_TASK DETAILS_
Print the records below word for word, but leave out the pictures.

_Source data_

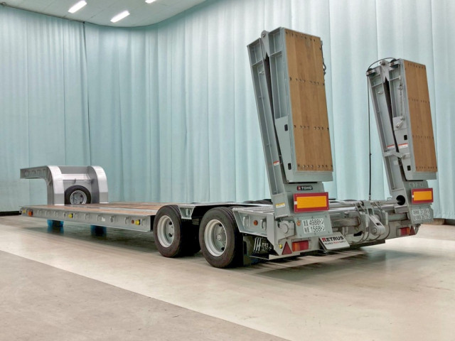 未登録・シングル引きの重機用トレーラが入荷いたしました。 荷台内寸は(L=6.15m、W=2.99m)で積載見込みは21,300kgです。 第五輪荷重10,220㎏以上のトラクタヘッドで牽引可能です。 是非この機会にお問い合わせください!
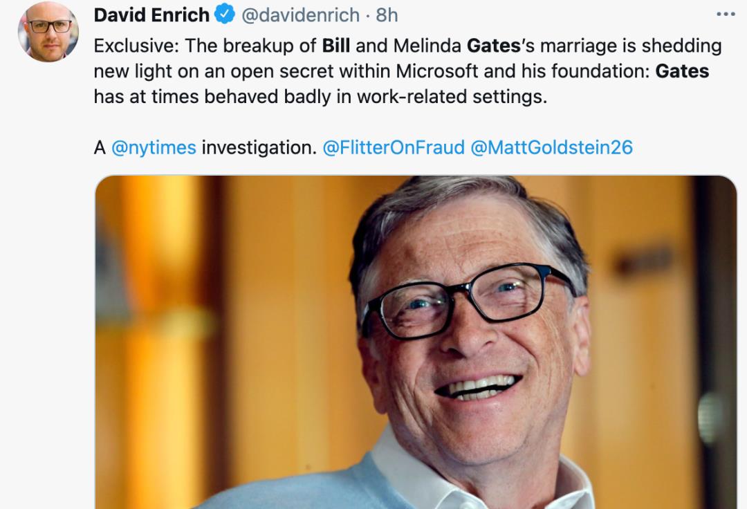 接下来让我们一起来看一个时下比较热的话题 #比尔盖茨离婚#
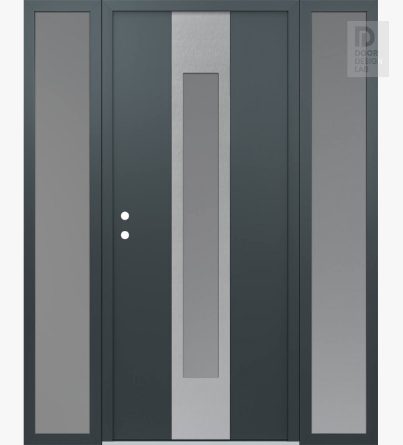 Modern Steel Front Door DIAMOND A1 60" X 80" ANTHRACITE/ANTHRACITE FROSTED GLASS PANEL STAINLESS STEEL LHI WITH 2 SIDELITES FROSTED GLASS
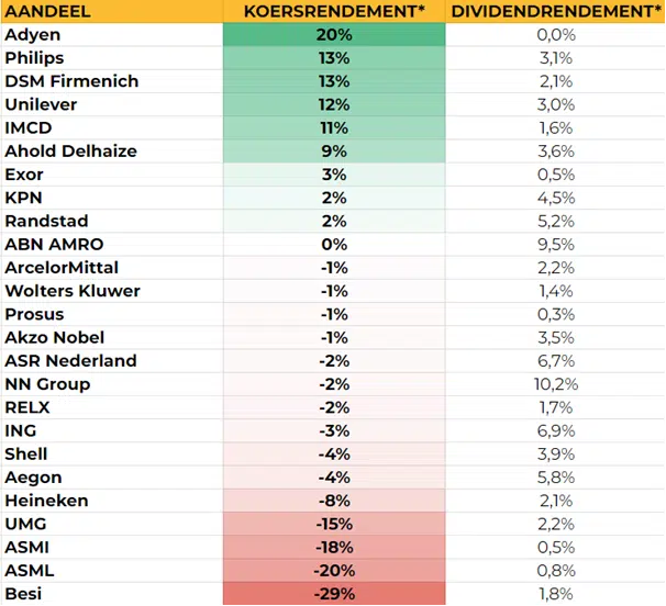 Tabel. Koers- en dividendrendement voor AEX-aandelen
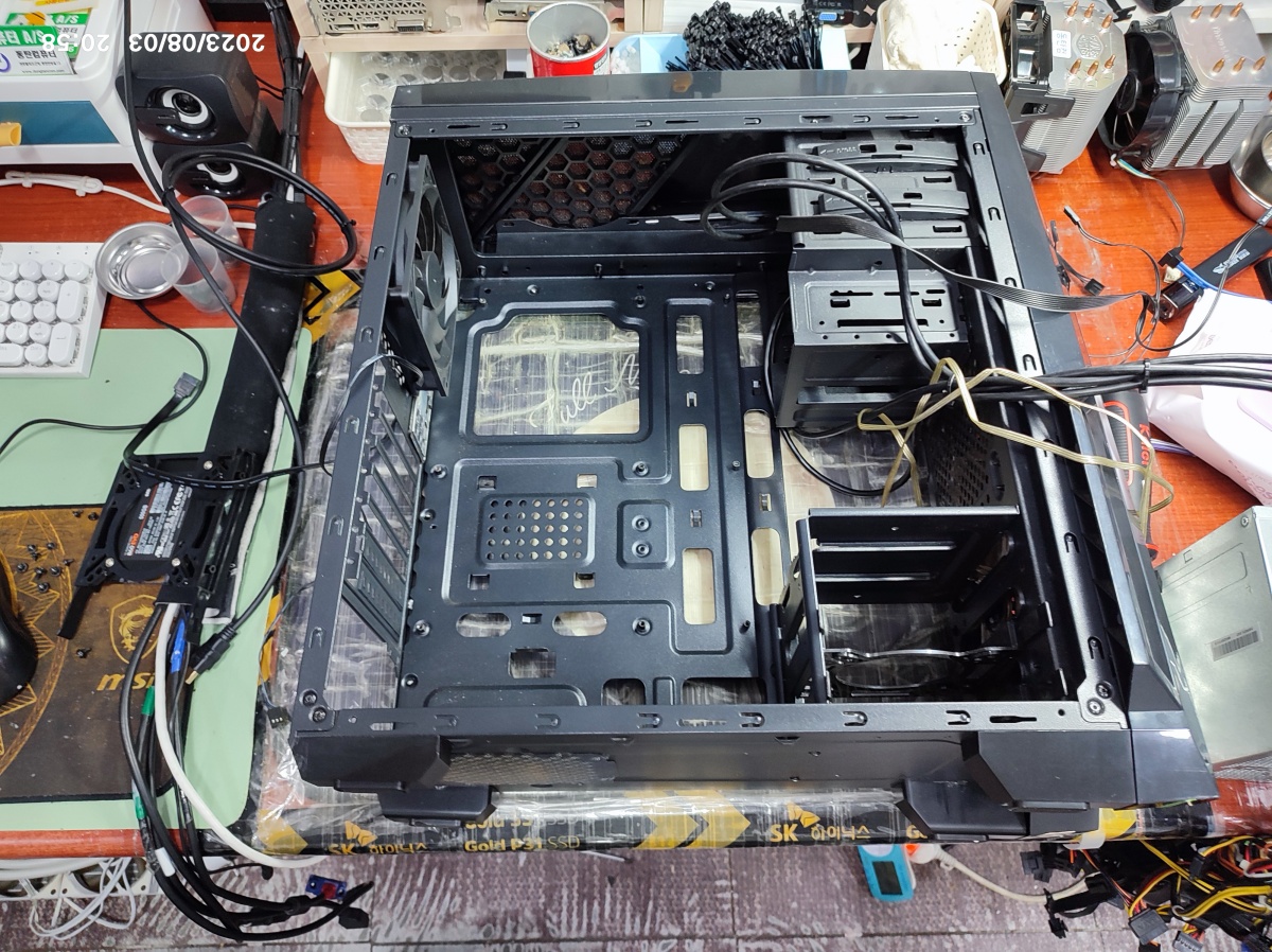 윈도우 일부 기능의 이상이 생겨서 윈도우10 재설치 작업을 진행하면서, 케이스의 선정리가 안 된 상태라서 선 정리를 부탁하셨습니다. 선 정리는 재조립이라고 보시면 됩니다. 거의 모든 부품을 분리했다가 다시 조립해야 하는 경우가 많습니다.
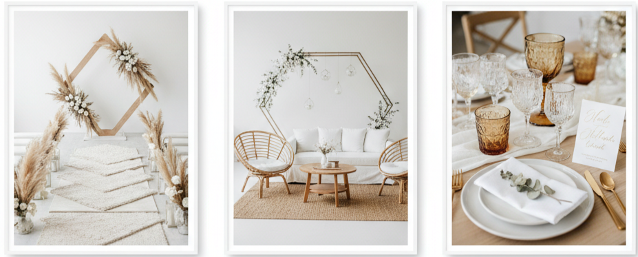 Boho weddings are known for their free-spirited style, and when mixed with modern structure, they feel fresh and creative. Think of layering textured rugs down the aisle, pairing rattan lounge seating with geometric arches, and using mismatched glassware with minimal table styling. The balance creates a relaxed yet refined atmosphere.
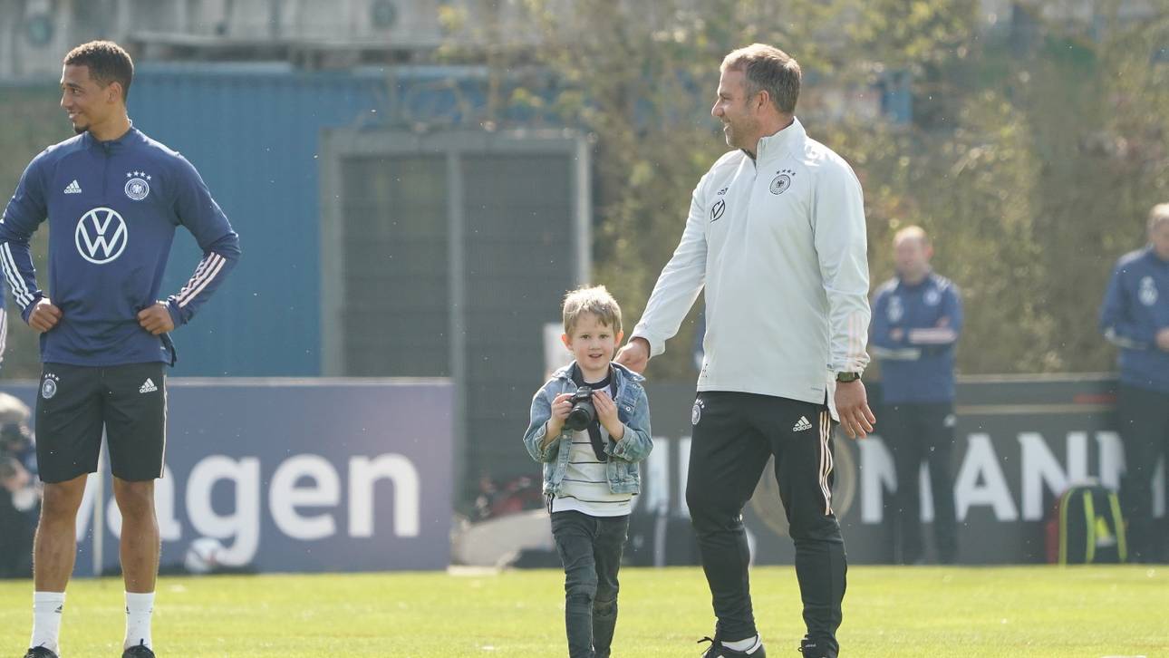Der Fünfjährige trug ein weißes DFB-Trikot und schaute seinen Idolen gespannt bei der Arbeit zu – bis Flick ihn plötzlich zu sich rief.
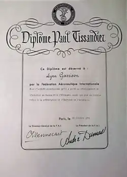 Międzynarodowy dyplom uznania za wyjątkowy wkład w dziedzinie lotnictwa. Przyznawany przez Międzynarodową Federacje Lotniczą (FAI).
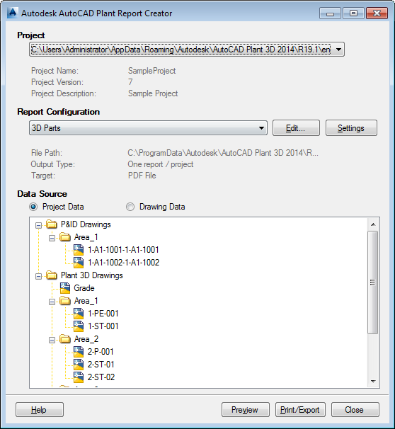 • Under Data Source, click Project Data or Drawing Data, depending on your needs. If you click Drawing Data, you must also select the drawing or drawings you want represented.
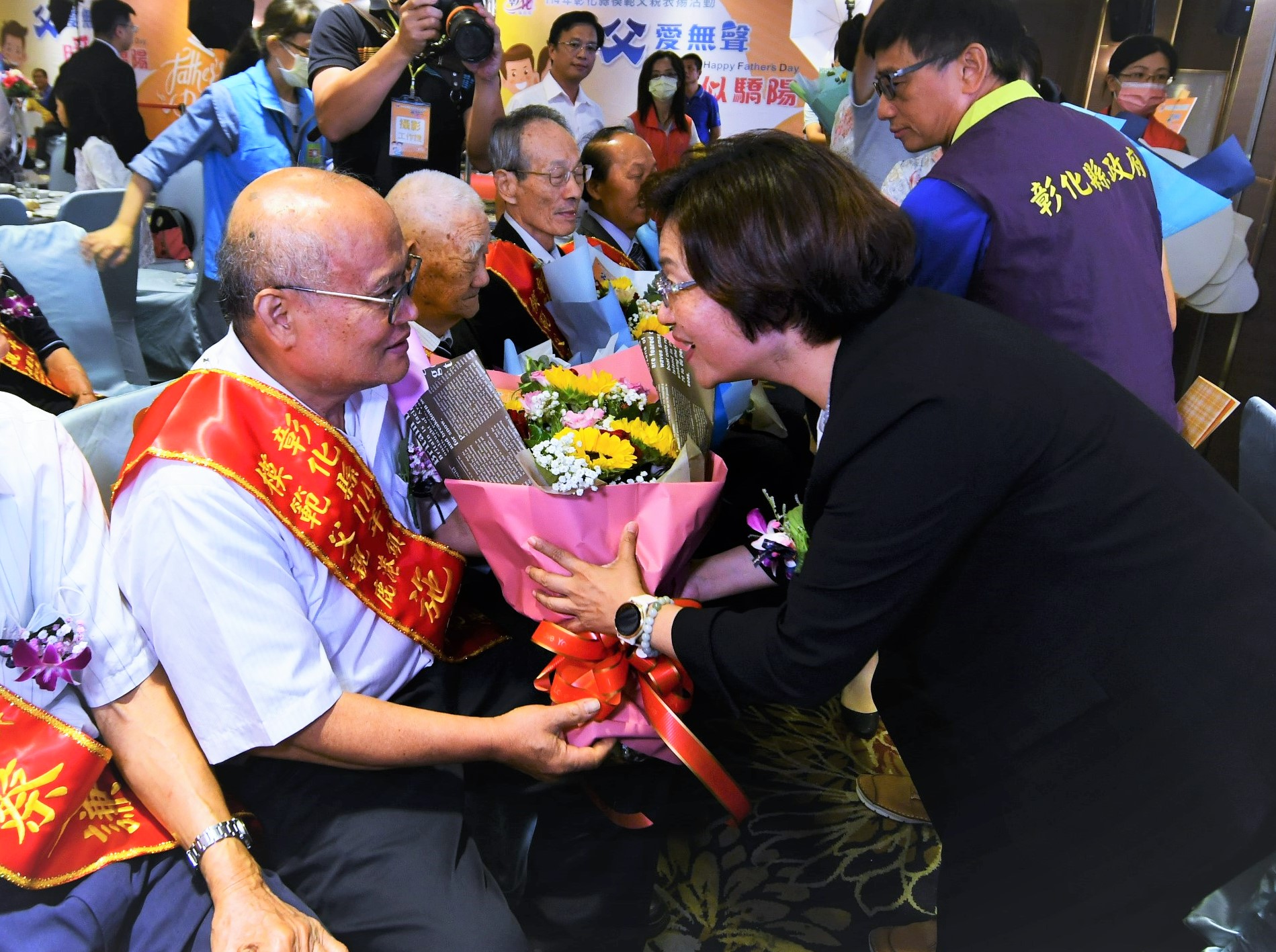 彰化縣政府8月2日於花壇鄉全國麗園大飯店隆重舉辦「114年度模範父親表揚大會」,以「父愛無聲‧暖似驕陽」為主題,由縣長王惠美親自頒獎。王惠美說,每位模範父親背後都有非常感人的故事,「爸爸親像山」,是兒女的靠山,父親感情比較內斂,比較不善用語言來表達感情,但他們卻是默默地支持著這個家庭、默默地為家庭付出,為人子女的不只是父親節要孝順爸爸,平時都要多關心爸爸,「愛要及時,孝順也要及時」。
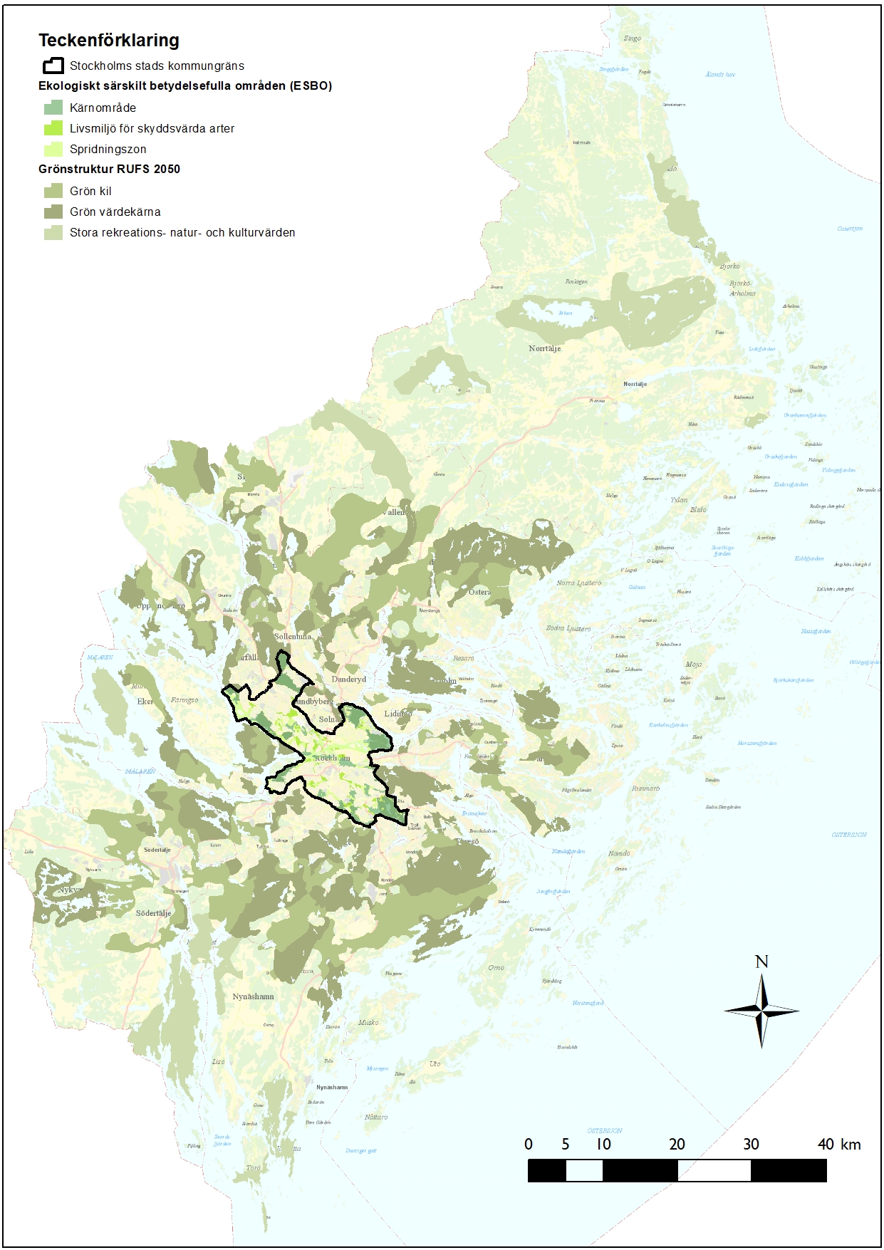 Kartan ovan visar även delar av den regionala grönstruktur som Stockholm är en del av. Denna kan ses i sin helhet i en bild som länkas längst ner på sidan.

_RESULT_
 未登録・シングル引きの重機用トレーラが入荷いたしました。 荷台内寸は(L=6.15m、W=2.99m)で積載見込みは21,300kgです。 第五輪荷重10,220㎏以上のトラクタヘッドで牽引可能です。 是非この機会にお問い合わせください!
 接下来让我们一起来看一个时下比较热的话题 #比尔盖茨离婚#
 Modern Steel Front Door DIAMOND A1 60" X 80" ANTHRACITE/ANTHRACITE FROSTED GLASS PANEL STAINLESS STEEL LHI WITH 2 SIDELITES FROSTED GLASS
 Tabel. Koers- en dividendrendement voor AEX-aandelen
 윈도우 일부 기능의 이상이 생겨서 윈도우10 재설치 작업을 진행하면서, 케이스의 선정리가 안 된 상태라서 선 정리를 부탁하셨습니다. 선 정리는 재조립이라고 보시면 됩니다. 거의 모든 부품을 분리했다가 다시 조립해야 하는 경우가 많습니다.
 Boho weddings are known for their free-spirited style, and when mixed with modern structure, they feel fresh and creative. Think of layering textured rugs down the aisle, pairing rattan lounge seating with geometric arches, and using mismatched glassware with minimal table styling. The balance creates a relaxed yet refined atmosphere.
Der Fünfjährige trug ein weißes DFB-Trikot und schaute seinen Idolen gespannt bei der Arbeit zu – bis Flick ihn plötzlich zu sich rief.
 Międzynarodowy dyplom uznania za wyjątkowy wkład w dziedzinie lotnictwa. Przyznawany przez Międzynarodową Federacje Lotniczą (FAI).
 • Under Data Source, click Project Data or Drawing Data, depending on your needs. If you click Drawing Data, you must also select the drawing or drawings you want represented.
 彰化縣政府8月2日於花壇鄉全國麗園大飯店隆重舉辦「114年度模範父親表揚大會」,以「父愛無聲‧暖似驕陽」為主題,由縣長王惠美親自頒獎。王惠美說,每位模範父親背後都有非常感人的故事,「爸爸親像山」,是兒女的靠山,父親感情比較內斂,比較不善用語言來表達感情,但他們卻是默默地支持著這個家庭、默默地為家庭付出,為人子女的不只是父親節要孝順爸爸,平時都要多關心爸爸,「愛要及時,孝順也要及時」。
 Kartan ovan visar även delar av den regionala grönstruktur som Stockholm är en del av. Denna kan ses i sin helhet i en bild som länkas längst ner på sidan.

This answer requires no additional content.